From: The Natural Philosopher on
Patrick wrote:
> <nash_rack1(a)yahoo.com> wrote in message
> news:1156193776.060140.111970(a)m79g2000cwm.googlegroups.com
>
>> We have this problem on our database machine where the load average
>> shown by 'top' goes very high ( > 100) at random times and the
>> database becomes really slow. We're trying to find out which process
>> could be causing this load. ...
>> 11:18:06 up 163 days, 5:56, 7 users, load average: 101.27, 102.72,
>> 69.93
>> Tasks: 443 total, 2 running, 441 sleeping, 0 stopped, 0 zombie
> ...
>> If you notice anything unusual in the above output or if there's
>> another command we can use, please let me know.
>
> What are those 441 sleeping processes, and why are they sleeping? Waiting
> for disk I/O or interprocess communications?

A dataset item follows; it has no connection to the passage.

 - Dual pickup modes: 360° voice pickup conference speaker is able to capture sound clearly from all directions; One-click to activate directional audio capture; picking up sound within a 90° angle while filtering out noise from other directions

Almost certainly. I ran some DB stuff on SCO unix once, and it beat the
hell out of it...we increased file, inodes, file names and directory
cacheing by an order of about a thousand, and it went much better...;-)

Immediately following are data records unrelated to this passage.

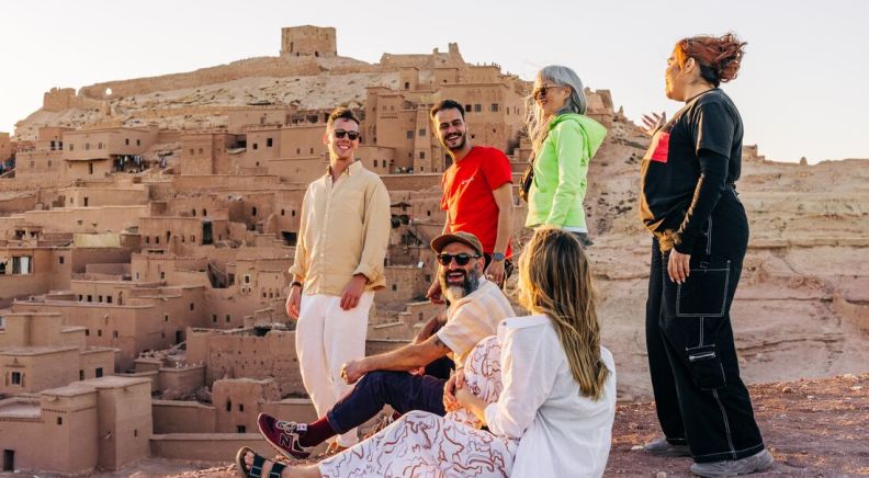 This morning after breakfast, you’ll drive to Ait Benhaddou. Sitting on a hilltop and almost unchanged since the 11th century, this is one of Morocco's most iconic sites. If you think you recognise the place, you probably do, as the town has a long list of film and TV credits, including Lawrence of Arabia, Game of Thrones and Gladiator. Enjoy a walk through the winding streets of the Old Town and ksar, making your way to the top of the hill, from where you can enjoy views of the surrounding plains. Then, join a local artist for a painting workshop. You’ll create your own image of the iconic view of the ksar. Visit the Tawesna teahouse – a community-run establishment that provides local women an income to support themselves and their children. Using ingredients sourced from local cooperatives, the women prepare mint tea and pastries while sharing their stories with those who pop in. After heading to your hotel for the night, maybe sit back on the rooftop terrace and watch the sun setting over the kasbah before a group dinner.
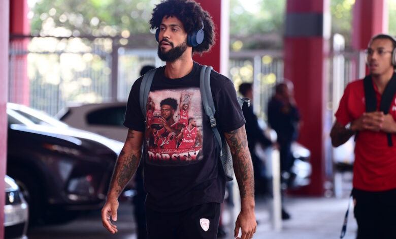Ο παίκτης του Ολυμπιακού έφτασε στο ΣΕΦ για το ντέρμπι με τον Παναθηναϊκό, με ιδιαίτερο μπλουζάκι
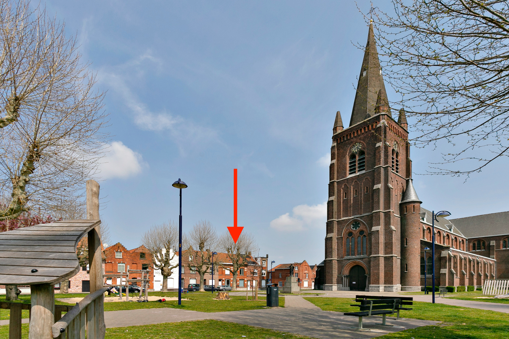 We vinden dit eigendom terug aan een zeer aangenaam en rustig pleintje voor de St-Jozefskerk.
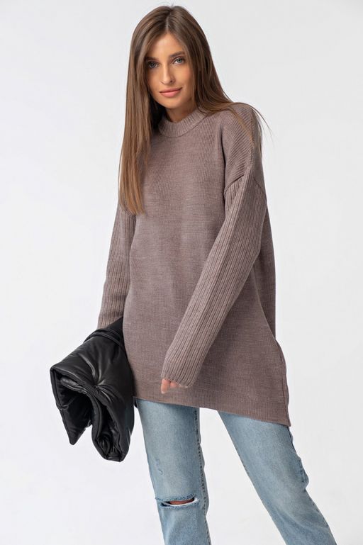 Джемпер вязаный удлиненный асимметричный ореховый
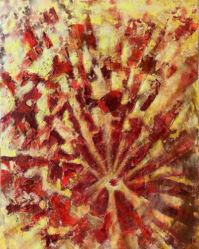 Das Kunstwerk „Shambhala“ ist ein abstraktes Gemälde mit… einer dynamischen Farbexplosion, vorwiegend in Rot- und Gelbtönen sowie mit einem Hauch von Weiß. Die Komposition ist um einen zentralen Brennpunkt herum aufgebaut, von dem aus die Farben nach außen strahlen. Die Pinselführung ist schwer und strukturiert, was dem Werk eine taktile Qualität mit Farbschichten verleiht, die dem visuellen Erlebnis Tiefe verleihen. Gemalt auf einer hochwertigen, in Galeriequalität gespannten Leinwand, kein Rahmen erforderlich. Fertig zum Aufhängen. Auf der Vorderseite signiert. Glänzend und mit UV-, staub- und feuchtigkeitsbeständigen Beschichtungen überzogen.
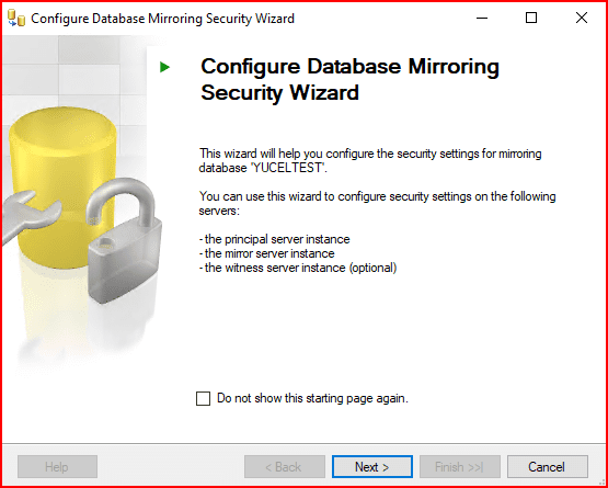 İşlemi tamamlayıp close dedikten sonra Start Mirroring kısmından başlatabiliriz. Database mirroring işlemini hemen başlatmayıp Do not Start Mirroring kısmını seçip sonra konfigürasyon yapabiliriz.
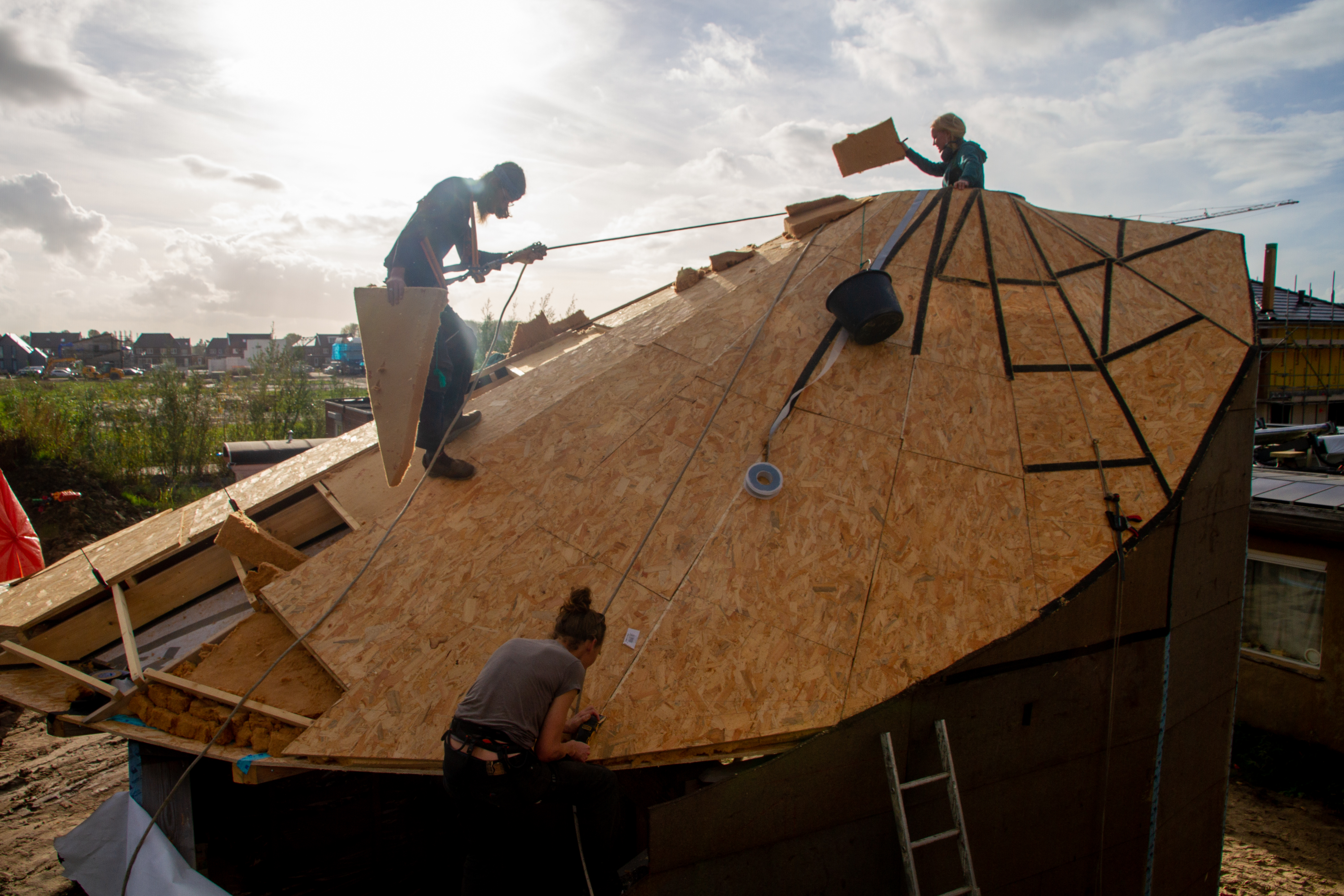 Ons huis bouwproject tot dusver heeft gevoeld als ‘standing in the arena’. Veel mensen vroegen zich ook af waar we aan begonnen waren. We deden iets wat we nog nooit hadden gedaan en waarbij ons gezicht en handen letterlijk werden bedekt met stof, zweet en bloed. We kenden grote enthousiasmes wanneer de eerste paal de grond in ging. Toen we samen met anderen de boom in het midden van ons huis rechtop hebben gezet. Toen we dapper door streden om het dak als puzzel (bijna) dicht te krijgen. We hebben gehuild en gelachen en stonden op wanneer we vielen. Fouten waren te zien. Boortjes die in het hout afbraken, de vliesgevel die geen onderdorpel had of de douche afvoer die in de binnenmuur uitkwam. De grootste fout was de bouw verzekering die we vergeten waren te verlengen, en misschien ook wel de lithium ion accu die we die nacht aan de lader hebben gelegd.

No idea whether modern Linux needs that or not, or if its
possible..generally it was then a kernel boot time option.

>
> From the man page: "The load averages are the average number of processes
> ready to run during the last 1, 5 and 15 minutes."
>
From: nash_rack1 on
Most of these sleeping processes are the processes that Oracle creates
for pooled database connecitons. I believe they're sleeping because the
application is not doing any SQL activity on those connections.

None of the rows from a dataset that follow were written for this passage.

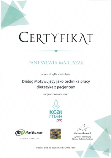 Od dłuższego czasu pracuje z powodzeniem z pacjentami, pomagając im w zmianie nawyków żywieniowych. W swojej pracy stawiam przede wszystkim na indywidualne podejście, wsparcie i edukację żywieniową, tak, aby za dieto terapią szła zmiana stylu życia pacjenta. Dietetyka od zawsze była moją pasją. Jestem przekonana, że prawidłowo dobrana dieto terapia w wielu przypadkach „potrafi zdziałać cuda”
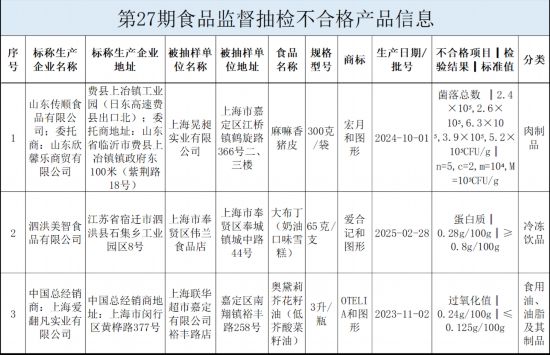 但过量摄入也可能添加肾净承担,现将市市场监管局开展本市食物平安抽检相关消息发布如下:出格提示消费者,包罗:淀粉及淀粉成品、酒类、可可及焙烤咖啡产物、冷冻饮品、肉成品、食用油、油脂及其成品和速冻食物。或者产物正在储存过程中前提节制不妥;也可能是原猜中的脂肪曾经氧化,查处环境由企业所正在地担任案件查办的区市场监视办理局按公开。卵白质是人体必需的三大养分素之一,并将相关环境记入食物出产运营者食物平安信用档案。原料储存不妥。市市场监管局已要求相关区市场监视办理局及时对不及格食物及其出产运营者进行查询拜访处置,会加快食物的变质,腹泻等症状。申明食物正在出产、加工、运输、储存等环节可能遭到的污染越严沉。如鸡蛋、牛奶、瘦肉、鱼虾、豆类等。是形成生命的根本物质。虽然菌落总数中的细菌多为非致病菌,因而需按需摄入,2025年第27期省级食物平安抽检消息发布。如采办或正在市场上发觉附件所列的不及格食物时,请拨打食物平安赞扬举报电线进行赞扬举报。按照《中华人平易近国食物平安法》《上海市食物平安条例》等,依法查处违法行为,缩短保质期。对上述抽检中发觉的不及格产物,
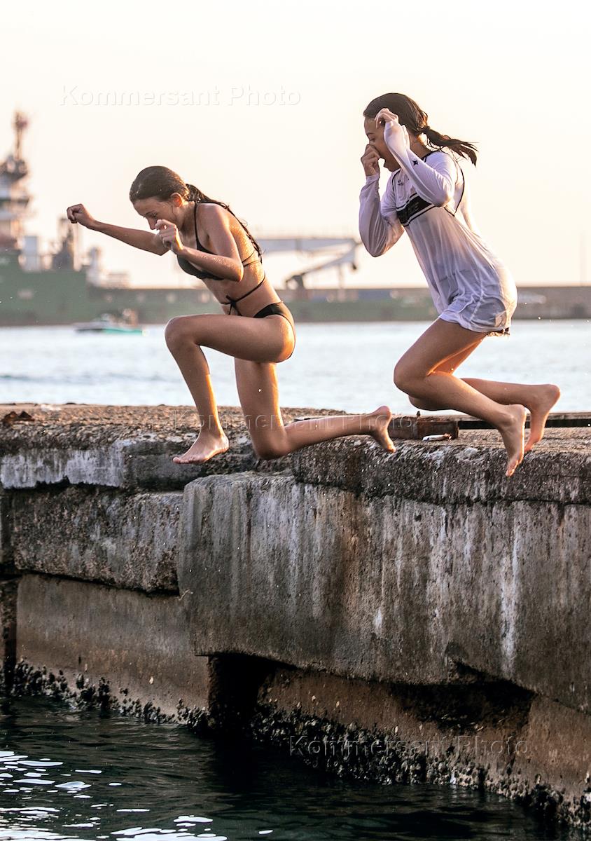 Жанровая фотография. Отдыхающие на берегу Черного моря. Дети прыгают с пирса в море.
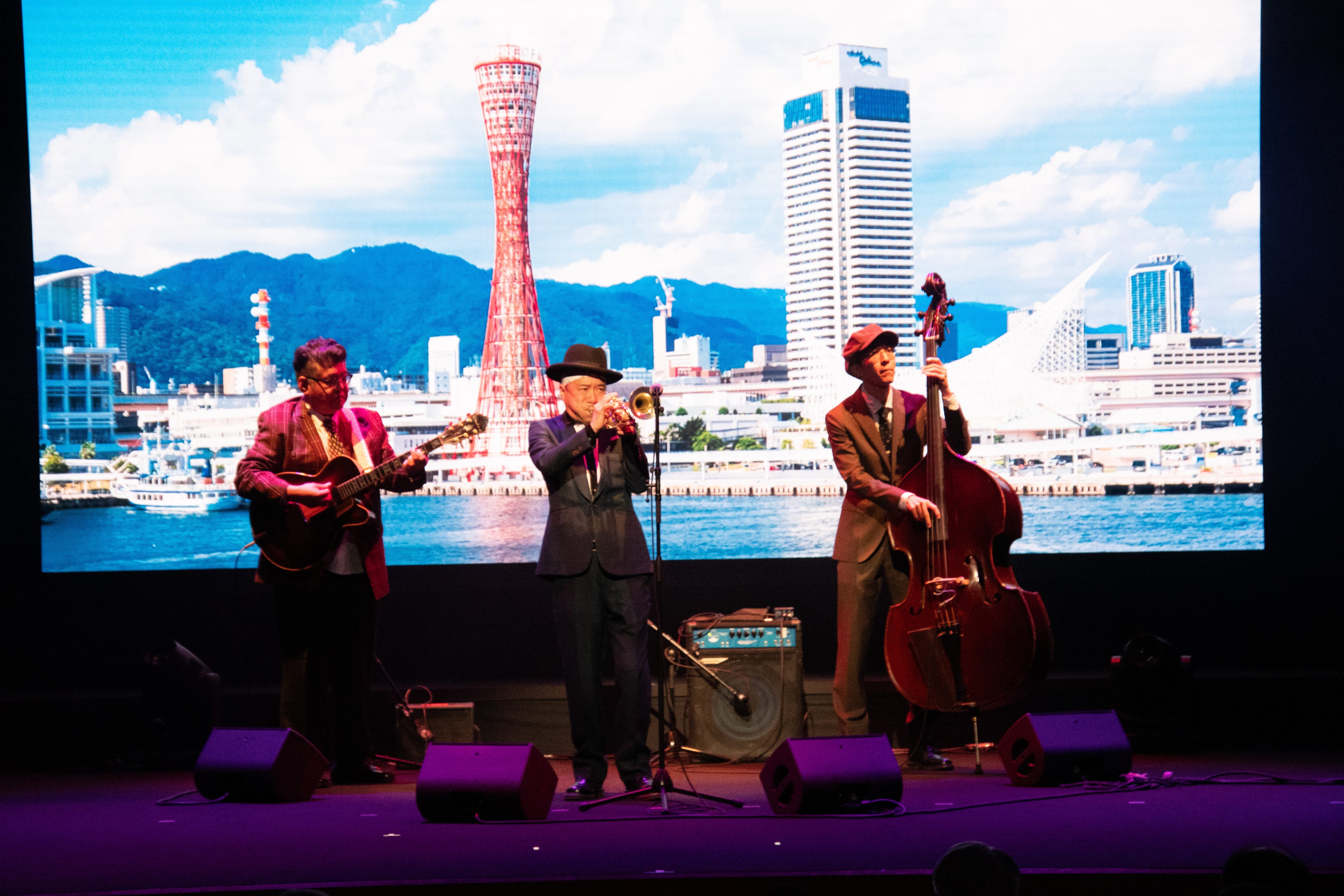 第2部では、「第1回神戸賞 授賞式」を開催いたしました。約300名のご来場者を前に、まず、ジャズアーティストであるMITCHさんによるオープニングLIVEを実施。厳かな雰囲気の第1部とはがらりと印象が変わり、煌びやかな演出で式の開幕を彩りました。

What other commands can I use to find the root cause of this high load?

Thanks,
Nash.

Patrick wrote:
> <nash_rack1(a)yahoo.com> wrote in message
> news:1156193776.060140.111970(a)m79g2000cwm.googlegroups.com
>
> > We have this problem on our database machine where the load average
> > shown by 'top' goes very high ( > 100) at random times and the
> > database becomes really slow. We're trying to find out which process
> > could be causing this load. ...
> > 11:18:06 up 163 days, 5:56, 7 users, load average: 101.27, 102.72,
> > 69.93
> > Tasks: 443 total, 2 running, 441 sleeping, 0 stopped, 0 zombie
> ...
> > If you notice anything unusual in the above output or if there's
> > another command we can use, please let me know.
>
> What are those 441 sleeping processes, and why are they sleeping? Waiting
> for disk I/O or interprocess communications?
>
> From the man page: "The load averages are the average number of processes
> ready to run during the last 1, 5 and 15 minutes."